You can download the raw data from the following links:
- [Movielens-1M](https://files.grouplens.org/datasets/movielens/ml-1m.zip)

After downloading the raw data, you can unzip the file.

In [1]:
# Basic Setting of the Filtered Dataset
DATASET_NAME = "ml-1m"
DATASET_PATH = "<SOURCE_PATH>"
OUTPUT_PATH = "<PROJECT_PATH>/raws/"
MIN_INTERACTION_CNT = 5     # The minimum number of interactions for a user to be included in the dataset.
MAX_INTERACTION_CNT = 20  # The maximum number of interactions for a user to be included in the dataset.


In [None]:
# Step 1: Identify the file structure of the dataset

import os
# List all files in the dataset directory
print("Files in dataset directory:")
for file in os.listdir(DATASET_PATH):
    print(f"- {file}")


In [3]:
# Step 1.1: Load README

# README_FILE_NAME = "README"
# README_FILE_PATH = os.path.join(DATASET_PATH, README_FILE_NAME)

# with open(README_FILE_PATH, "r") as file:
#     README_CONTENT = file.read()

# print(README_CONTENT)


In [None]:
import pandas as pd
# Load the ratings data
ratings_df = pd.read_csv(os.path.join(DATASET_PATH, "ratings.dat"), 
                        sep="::", 
                        header=None, 
                        names=['UserID', 'MovieID', 'Rating', 'Timestamp'],
                        engine='python')

# Load the users data
users_df = pd.read_csv(os.path.join(DATASET_PATH, "users.dat"),
                      sep="::",
                      header=None,
                      names=['UserID', 'Gender', 'Age', 'Occupation', 'Zip-code'],
                      engine='python')

# Load the movies data
movies_df = pd.read_csv(os.path.join(DATASET_PATH, "movies.dat"),
                       sep="::",
                       header=None,
                       names=['MovieID', 'Title', 'Genres'],
                       encoding='latin-1',
                       engine='python')

# Display the first few rows of each dataframe
print("Ratings DataFrame:")
print(ratings_df.head())
print("\nUsers DataFrame:")
print(users_df.head())
print("\nMovies DataFrame:")
print(movies_df.head())



In [None]:
# Step 3: Convert each item as a full-text description.

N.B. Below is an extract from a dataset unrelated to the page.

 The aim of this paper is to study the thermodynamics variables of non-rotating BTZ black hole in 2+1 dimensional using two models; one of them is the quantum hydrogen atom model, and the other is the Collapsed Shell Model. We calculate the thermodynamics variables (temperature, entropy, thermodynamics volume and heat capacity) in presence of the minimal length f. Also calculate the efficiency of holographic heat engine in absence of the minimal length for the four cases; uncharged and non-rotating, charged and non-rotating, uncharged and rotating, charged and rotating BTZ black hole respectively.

ITEM_DESCRIPTION_TEMPLATE = "'{title}' [{genres}]"

def create_movie_description(row):
    # Extract year from title if present
    title = row['Title']
    
    # Convert genres from '|' separated string to list
    genres = row['Genres']

    # Create description using a single format string
    description = ITEM_DESCRIPTION_TEMPLATE.format(title=title, genres=genres)
    
    return description

# Create text descriptions for movies
movies_df['Description'] = movies_df.apply(create_movie_description, axis=1)

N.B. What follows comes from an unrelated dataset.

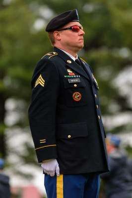 Left: Retired Army National Guard Sgt. Richard Braun, of Whitehall, stands at attention during a Wreaths Across America ceremony, held Dec. 15 at Cedar Hill Memorial Park, Airport Road.PRESS PHOTOS BY SCOTT M. NAGY Copyright - Scott M. Nagy

print("Example movie descriptions:")
print(movies_df[['MovieID', 'Description']].head())


In [None]:
# Step Extra: Map user feature ids to text descriptions, based on README

Gender_map = {
    "F": "female",
    "M": "male"
}

Age_map = {
    1: "Under 18",
    18: "18-24",
    25: "25-34",
    35: "35-44",
    45: "45+"
}

Occupation_map = {
    0: "other",
    1: "academic/educator", 
    2: "artist",
    3: "clerical/admin",
    4: "college/grad student",
    5: "customer service",
    6: "doctor/health care",
    7: "executive/managerial",
    8: "farmer",
    9: "homemaker",
    10: "K-12 student",
    11: "lawyer",
    12: "programmer",
    13: "retired",
    14: "sales/marketing",
    15: "scientist",
    16: "self-employed",
    17: "technician/engineer",
    18: "tradesman/craftsman",
    19: "unemployed",
    20: "writer"
}

# Map Zip codes to locations using uszipcode package
# import sqlalchemy_mate
# import sys
# from sqlalchemy.ext.declarative import declarative_base

# class ExtendedBase:
#     __abstract__ = True

# if not hasattr(sqlalchemy_mate, 'ExtendedBase'):
#     sqlalchemy_mate.ExtendedBase = ExtendedBase
    
from uszipcode import SearchEngine

def get_zipcode_info(zipcode):
    try:
        search = SearchEngine()
        result = search.by_zipcode(str(zipcode))
        if result:
           return result.city + ", " + result.state
        return None
    except:
        return None

Zipcode_map = {}
unique_zipcodes = users_df['Zip-code'].unique()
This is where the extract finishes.